What needs to be done
Without copying any picture, transcribe exactly the lines of the data below from the one containing "- En Cantidad" through the one containing "营地对面还有一片烧烤区,烧烤".

Supplied material
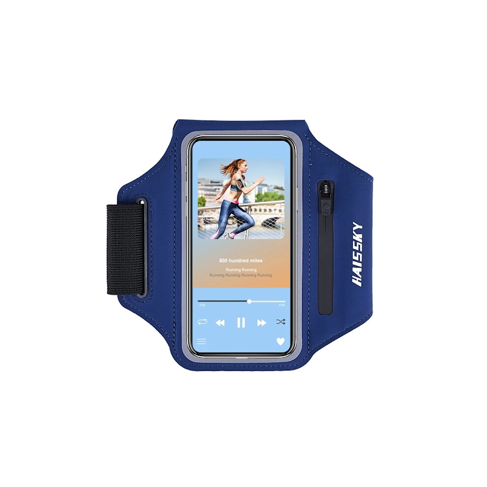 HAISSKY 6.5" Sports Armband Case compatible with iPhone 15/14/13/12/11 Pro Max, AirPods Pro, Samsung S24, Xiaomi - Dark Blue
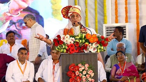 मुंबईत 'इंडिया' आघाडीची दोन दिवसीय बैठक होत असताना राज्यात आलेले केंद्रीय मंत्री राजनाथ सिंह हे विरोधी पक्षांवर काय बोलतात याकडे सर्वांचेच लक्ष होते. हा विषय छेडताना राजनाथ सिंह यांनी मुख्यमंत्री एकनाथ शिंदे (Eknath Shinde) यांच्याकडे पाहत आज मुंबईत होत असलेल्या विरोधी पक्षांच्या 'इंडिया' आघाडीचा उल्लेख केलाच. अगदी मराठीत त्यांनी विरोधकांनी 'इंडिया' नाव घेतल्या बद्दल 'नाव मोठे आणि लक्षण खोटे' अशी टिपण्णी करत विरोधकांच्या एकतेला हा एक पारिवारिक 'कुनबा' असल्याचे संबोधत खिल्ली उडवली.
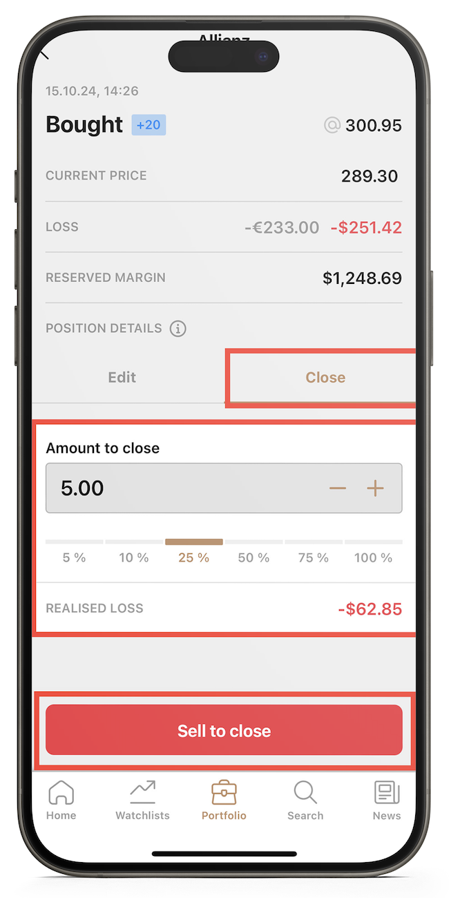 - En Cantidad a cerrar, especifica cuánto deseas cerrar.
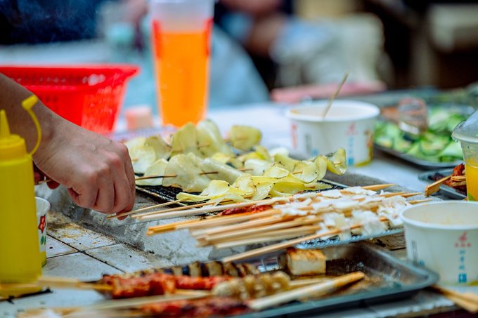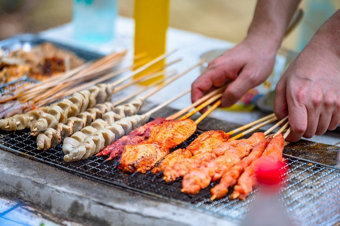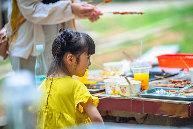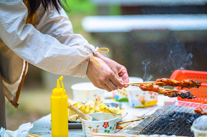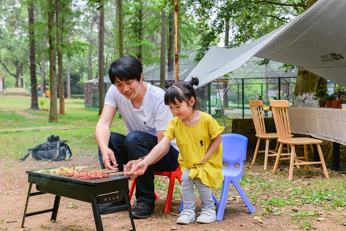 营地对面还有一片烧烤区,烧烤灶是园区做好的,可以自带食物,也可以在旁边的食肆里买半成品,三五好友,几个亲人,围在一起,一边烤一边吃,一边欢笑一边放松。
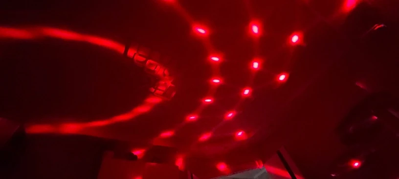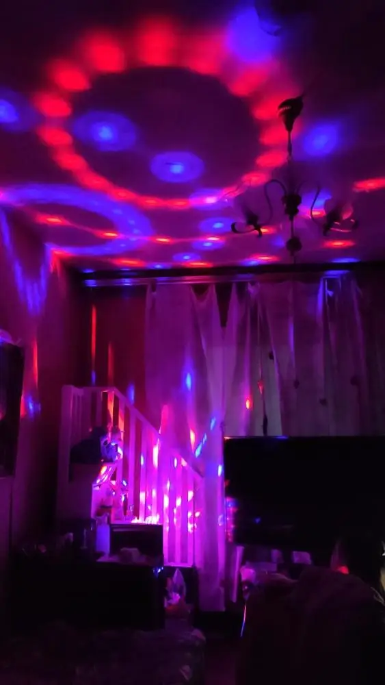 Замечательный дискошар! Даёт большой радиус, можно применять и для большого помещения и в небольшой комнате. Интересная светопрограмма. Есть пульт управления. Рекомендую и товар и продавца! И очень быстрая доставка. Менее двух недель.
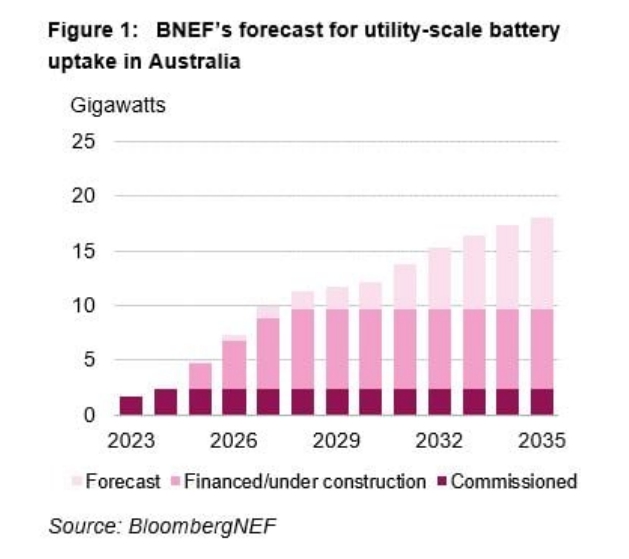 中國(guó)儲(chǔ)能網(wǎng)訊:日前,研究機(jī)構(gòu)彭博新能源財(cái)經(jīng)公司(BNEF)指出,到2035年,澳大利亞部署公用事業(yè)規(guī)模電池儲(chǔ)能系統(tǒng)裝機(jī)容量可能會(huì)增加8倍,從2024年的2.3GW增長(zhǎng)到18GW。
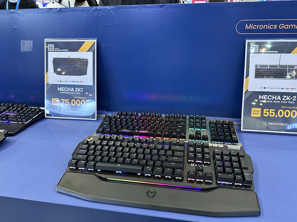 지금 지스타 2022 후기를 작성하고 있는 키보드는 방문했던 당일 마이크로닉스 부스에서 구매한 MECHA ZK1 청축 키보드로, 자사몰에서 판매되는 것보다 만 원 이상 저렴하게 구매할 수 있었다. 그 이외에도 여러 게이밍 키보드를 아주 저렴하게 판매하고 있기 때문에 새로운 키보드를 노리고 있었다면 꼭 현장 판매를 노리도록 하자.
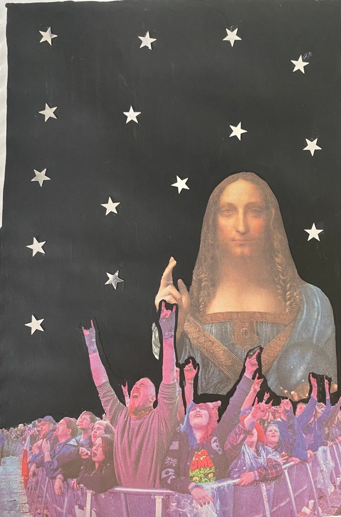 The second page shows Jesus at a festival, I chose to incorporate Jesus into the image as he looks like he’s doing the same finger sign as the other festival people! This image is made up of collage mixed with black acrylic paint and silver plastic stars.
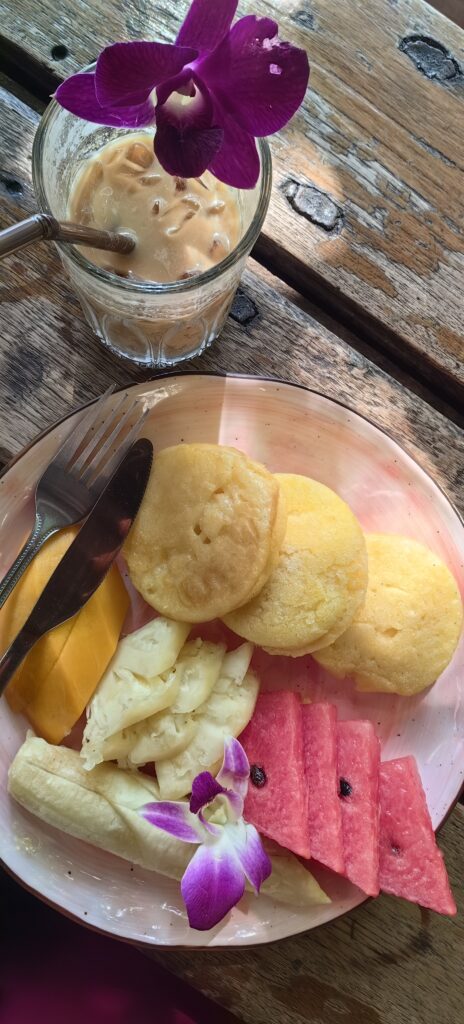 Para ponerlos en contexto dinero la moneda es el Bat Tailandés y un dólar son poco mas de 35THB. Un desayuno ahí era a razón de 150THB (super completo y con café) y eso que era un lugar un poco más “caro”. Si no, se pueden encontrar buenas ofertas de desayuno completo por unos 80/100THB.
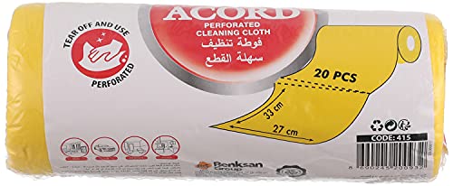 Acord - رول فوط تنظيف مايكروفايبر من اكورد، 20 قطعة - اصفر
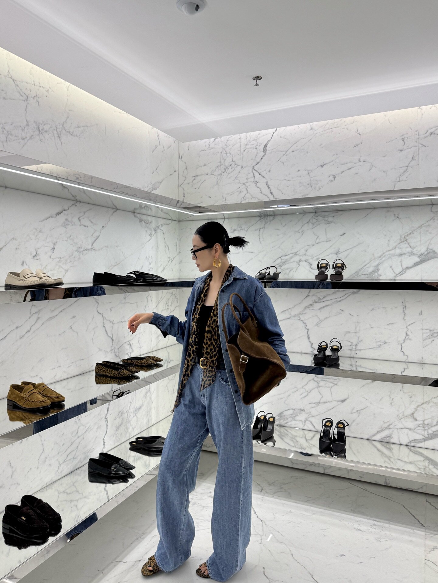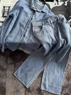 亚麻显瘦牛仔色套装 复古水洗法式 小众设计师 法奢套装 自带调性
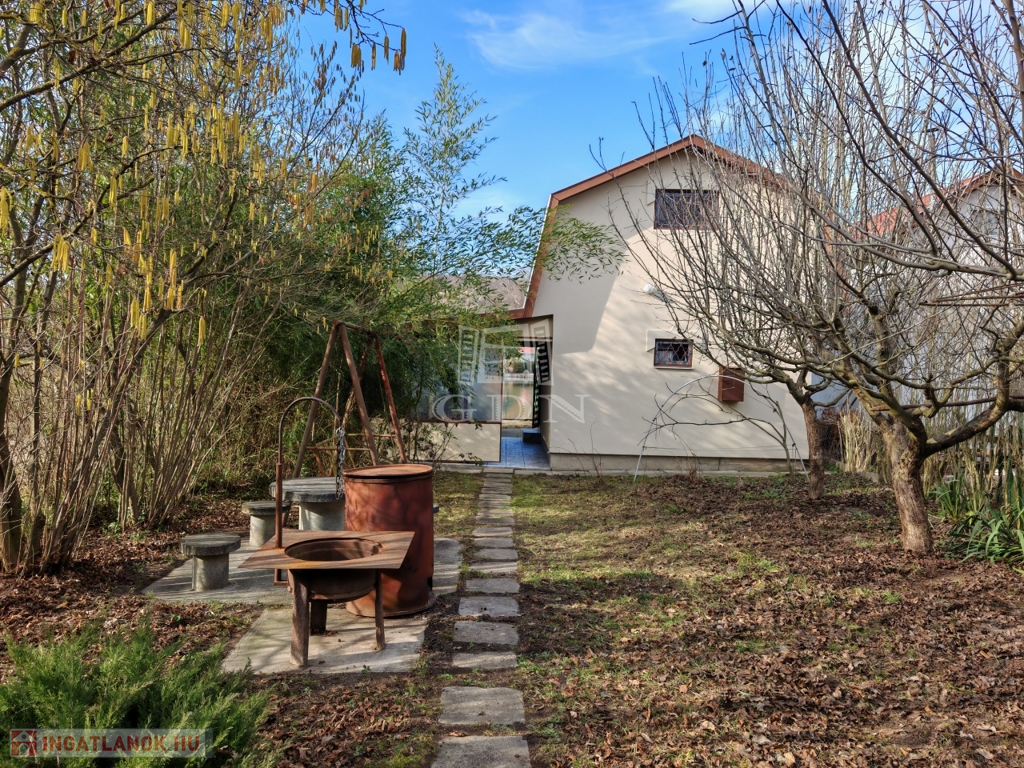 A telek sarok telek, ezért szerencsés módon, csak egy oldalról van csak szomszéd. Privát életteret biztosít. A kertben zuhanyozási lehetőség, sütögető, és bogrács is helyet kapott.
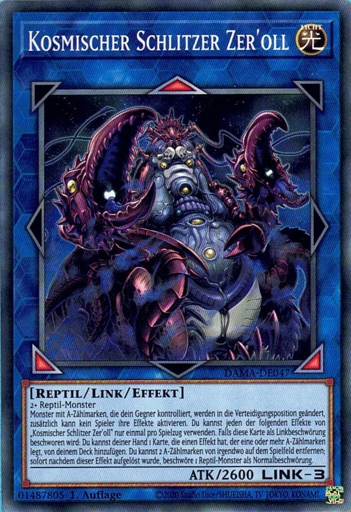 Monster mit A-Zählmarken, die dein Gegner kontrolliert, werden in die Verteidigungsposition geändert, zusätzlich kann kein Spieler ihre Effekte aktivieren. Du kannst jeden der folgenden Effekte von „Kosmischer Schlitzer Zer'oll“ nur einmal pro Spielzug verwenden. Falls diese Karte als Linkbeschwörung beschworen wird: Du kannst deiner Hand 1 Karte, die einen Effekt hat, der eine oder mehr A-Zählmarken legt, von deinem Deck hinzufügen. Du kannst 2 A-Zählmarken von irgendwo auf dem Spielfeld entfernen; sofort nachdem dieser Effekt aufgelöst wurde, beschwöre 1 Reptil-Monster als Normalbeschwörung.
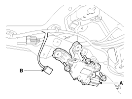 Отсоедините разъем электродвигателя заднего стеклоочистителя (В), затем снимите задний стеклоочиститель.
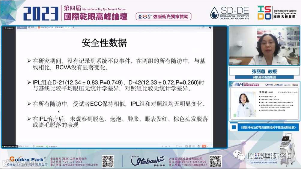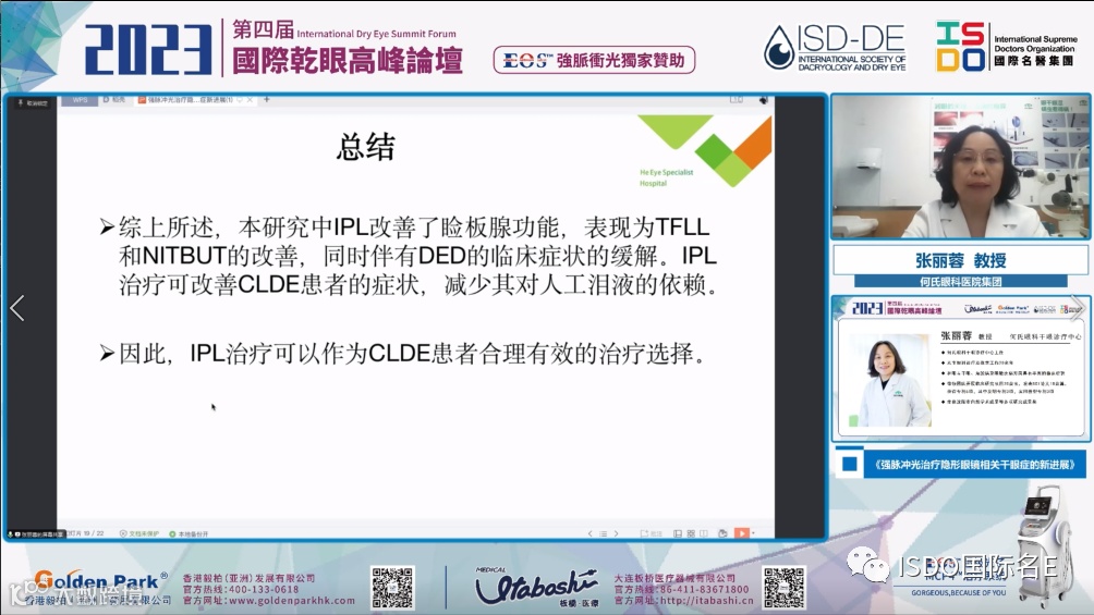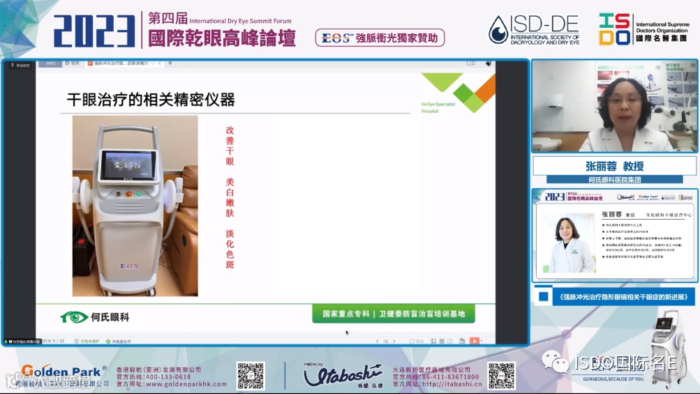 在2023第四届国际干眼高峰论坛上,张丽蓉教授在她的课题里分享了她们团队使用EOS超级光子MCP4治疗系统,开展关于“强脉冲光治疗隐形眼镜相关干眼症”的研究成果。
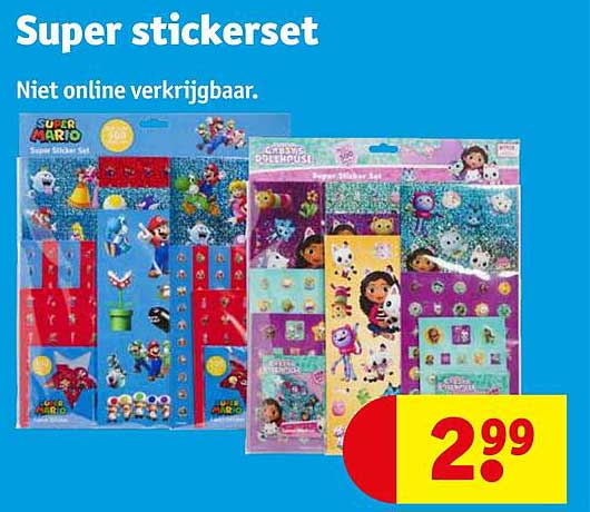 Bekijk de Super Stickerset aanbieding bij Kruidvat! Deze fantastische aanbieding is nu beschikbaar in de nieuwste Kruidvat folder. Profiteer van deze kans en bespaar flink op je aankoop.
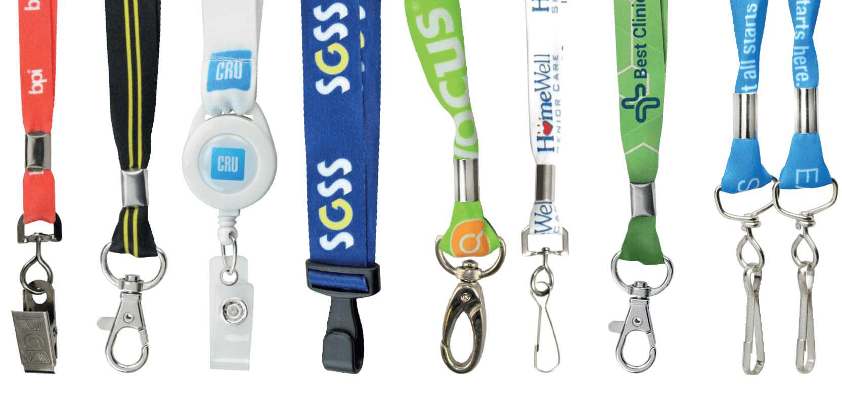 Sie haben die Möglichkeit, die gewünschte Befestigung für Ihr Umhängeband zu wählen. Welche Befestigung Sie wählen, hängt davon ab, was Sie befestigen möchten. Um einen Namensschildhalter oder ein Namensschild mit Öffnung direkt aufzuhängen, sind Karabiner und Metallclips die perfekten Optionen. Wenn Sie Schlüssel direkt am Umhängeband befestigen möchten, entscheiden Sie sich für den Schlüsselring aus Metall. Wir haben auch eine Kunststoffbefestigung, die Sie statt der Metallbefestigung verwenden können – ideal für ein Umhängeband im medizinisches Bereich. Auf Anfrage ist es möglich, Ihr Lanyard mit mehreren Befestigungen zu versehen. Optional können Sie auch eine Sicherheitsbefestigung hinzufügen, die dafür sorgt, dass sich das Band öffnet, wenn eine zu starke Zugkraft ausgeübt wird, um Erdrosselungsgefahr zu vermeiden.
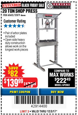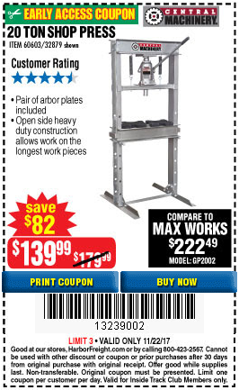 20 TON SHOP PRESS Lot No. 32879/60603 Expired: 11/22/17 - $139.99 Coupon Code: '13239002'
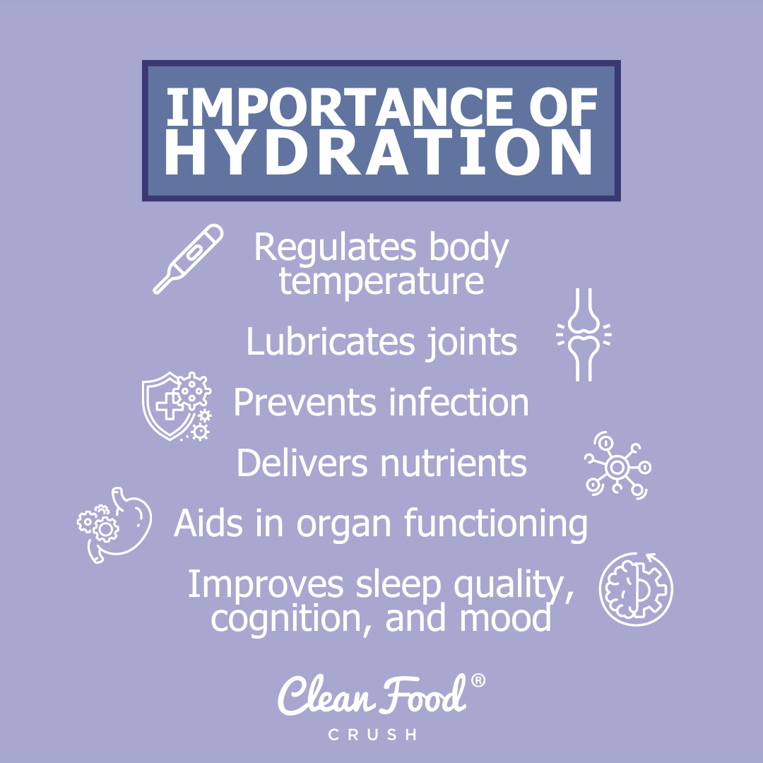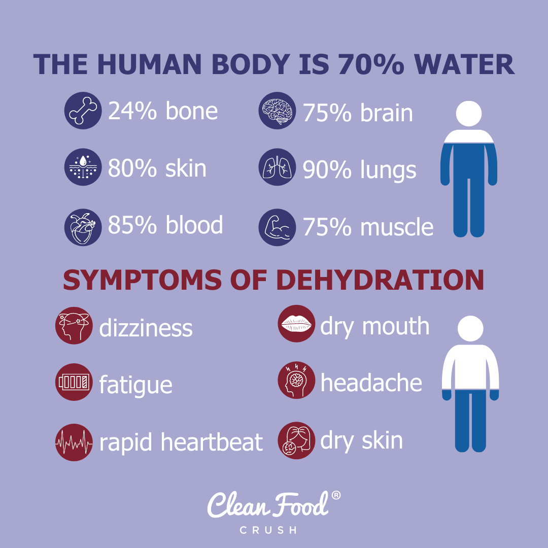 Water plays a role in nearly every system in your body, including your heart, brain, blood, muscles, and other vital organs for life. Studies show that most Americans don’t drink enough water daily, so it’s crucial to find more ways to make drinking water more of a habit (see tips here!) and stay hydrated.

Output of the task
 - En Cantidad a cerrar, especifica cuánto deseas cerrar.
 营地对面还有一片烧烤区,烧烤灶是园区做好的,可以自带食物,也可以在旁边的食肆里买半成品,三五好友,几个亲人,围在一起,一边烤一边吃,一边欢笑一边放松。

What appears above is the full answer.